** EXTRACTED MATERIAL follows **

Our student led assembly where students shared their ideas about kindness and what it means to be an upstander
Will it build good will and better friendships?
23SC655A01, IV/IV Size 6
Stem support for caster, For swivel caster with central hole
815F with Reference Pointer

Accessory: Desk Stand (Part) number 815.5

** End of EXTRACTED MATERIAL **
** EXTRACTED MATERIAL follows **

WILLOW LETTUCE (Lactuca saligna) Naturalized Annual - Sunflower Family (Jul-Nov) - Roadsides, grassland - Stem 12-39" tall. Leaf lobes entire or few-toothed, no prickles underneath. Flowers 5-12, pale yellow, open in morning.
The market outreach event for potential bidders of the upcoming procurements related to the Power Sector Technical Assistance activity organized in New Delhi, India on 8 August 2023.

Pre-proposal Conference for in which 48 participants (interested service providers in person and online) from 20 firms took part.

** End of EXTRACTED MATERIAL **

EXERCISE DESCRIPTION: Give back exactly the lines above starting at the line where "Stem support for" appears and ending at the line where "Accessory: Desk Stand (Part) number 815.5" appears, both included, with no other lines.

RESPONSE:
Stem support for caster, For swivel caster with central hole
815F with Reference Pointer

Accessory: Desk Stand (Part) number 815.5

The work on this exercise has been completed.